- **Exercise prompt**
Repeat all the lines below exactly, but omit the pictures.

- **The data**
-- Opening Marker --
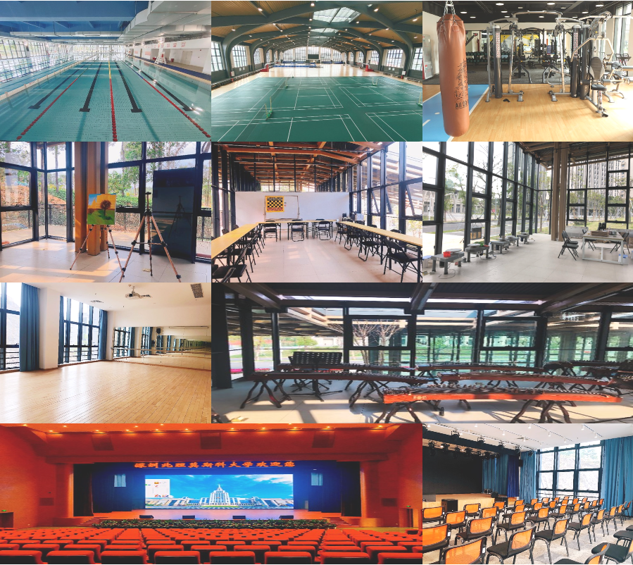 學校配套建設有體育場、室內多功能體育館、室內游泳館、健身房、舞蹈室、學生活動中心等,各類文體設施健全,設備先進,可滿足開展各類文體活動的需求。
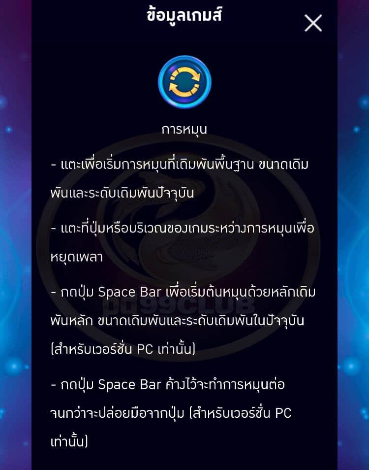- กดปุ่ม Space Bar ค้างไว้จะทำการหมุนต่อจนกว่าจะปล่อยมือจากปุ่ม (สำหรับเวอร์ชั่น PC เท่านั้น)
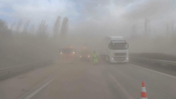 Az M1-es autópályán a 104-es km környezetében Nagyszentjános/Bőny térségében az erős széllökések miatt időnként sűrű por és homokfelhő rontja a látási körülményeket. Vegyék komolyan a figyelmeztetést és időben lassítsanak!
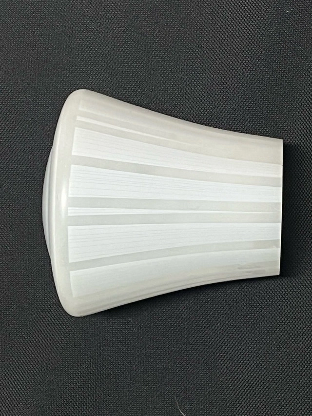 Glass light fixture with brass coloured mounting hardware.
-- Closing Marker --
- **Expected answer**
 學校配套建設有體育場、室內多功能體育館、室內游泳館、健身房、舞蹈室、學生活動中心等,各類文體設施健全,設備先進,可滿足開展各類文體活動的需求。
- กดปุ่ม Space Bar ค้างไว้จะทำการหมุนต่อจนกว่าจะปล่อยมือจากปุ่ม (สำหรับเวอร์ชั่น PC เท่านั้น)
 Az M1-es autópályán a 104-es km környezetében Nagyszentjános/Bőny térségében az erős széllökések miatt időnként sűrű por és homokfelhő rontja a látási körülményeket. Vegyék komolyan a figyelmeztetést és időben lassítsanak!
 Glass light fixture with brass coloured mounting hardware.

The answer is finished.